__Supplied information__
※ ※ ※
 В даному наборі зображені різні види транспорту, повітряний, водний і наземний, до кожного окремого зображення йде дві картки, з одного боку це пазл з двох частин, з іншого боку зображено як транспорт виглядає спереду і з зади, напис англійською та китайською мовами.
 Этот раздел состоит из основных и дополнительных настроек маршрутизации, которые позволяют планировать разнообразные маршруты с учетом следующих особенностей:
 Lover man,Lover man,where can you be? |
※ ※ ※
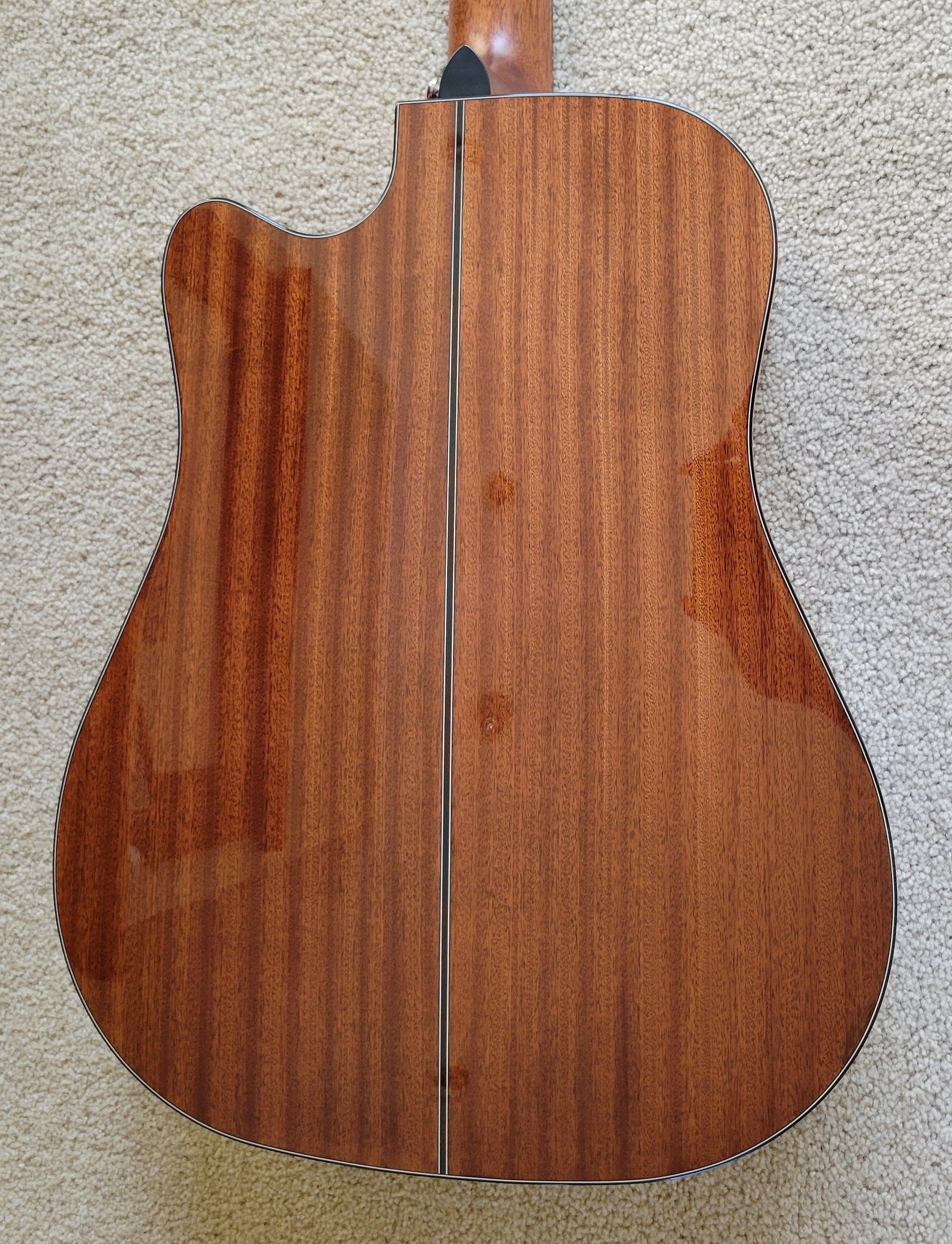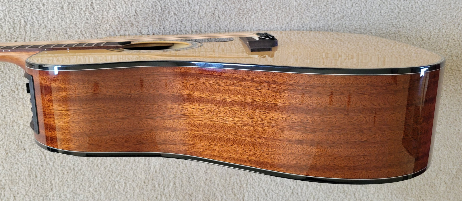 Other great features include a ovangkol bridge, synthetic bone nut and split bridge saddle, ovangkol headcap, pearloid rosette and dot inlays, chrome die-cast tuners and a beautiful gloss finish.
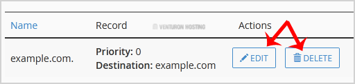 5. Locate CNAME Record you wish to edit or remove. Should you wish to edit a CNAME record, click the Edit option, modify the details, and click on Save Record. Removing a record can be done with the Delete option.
※ ※ ※
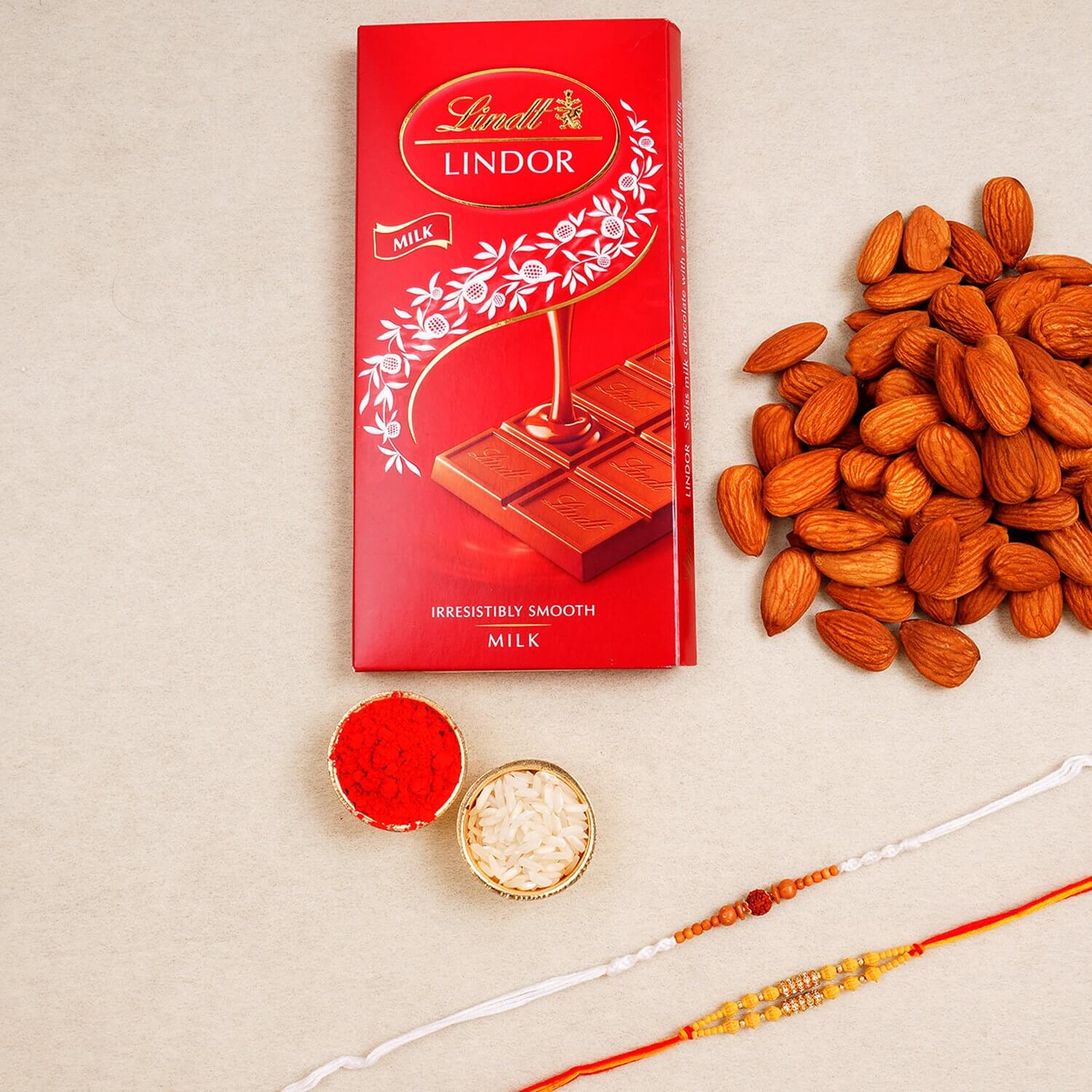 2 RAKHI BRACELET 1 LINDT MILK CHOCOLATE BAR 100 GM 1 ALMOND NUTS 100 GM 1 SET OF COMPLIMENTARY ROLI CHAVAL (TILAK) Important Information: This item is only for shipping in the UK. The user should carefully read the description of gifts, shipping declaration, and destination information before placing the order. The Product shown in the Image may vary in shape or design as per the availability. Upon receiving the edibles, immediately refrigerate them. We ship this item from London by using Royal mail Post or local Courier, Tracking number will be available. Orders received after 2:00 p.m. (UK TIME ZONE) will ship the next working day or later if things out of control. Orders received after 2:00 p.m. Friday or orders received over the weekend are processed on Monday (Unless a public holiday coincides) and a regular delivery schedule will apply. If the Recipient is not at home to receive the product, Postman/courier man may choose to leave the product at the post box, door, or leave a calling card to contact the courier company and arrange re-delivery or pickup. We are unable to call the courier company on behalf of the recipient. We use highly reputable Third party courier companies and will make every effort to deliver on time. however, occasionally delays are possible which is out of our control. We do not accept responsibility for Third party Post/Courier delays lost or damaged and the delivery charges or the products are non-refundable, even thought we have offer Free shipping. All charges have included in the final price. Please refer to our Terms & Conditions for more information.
※ ※ ※
__How to complete this task__
Give back exactly the lines above, from the line containing "В даному наборі" through the line containing "Lover man,Lover man,where can you be? |", with both end lines and nothing more.

__Answer space__
 В даному наборі зображені різні види транспорту, повітряний, водний і наземний, до кожного окремого зображення йде дві картки, з одного боку це пазл з двох частин, з іншого боку зображено як транспорт виглядає спереду і з зади, напис англійською та китайською мовами.
 Этот раздел состоит из основных и дополнительных настроек маршрутизации, которые позволяют планировать разнообразные маршруты с учетом следующих особенностей:
 Lover man,Lover man,where can you be? |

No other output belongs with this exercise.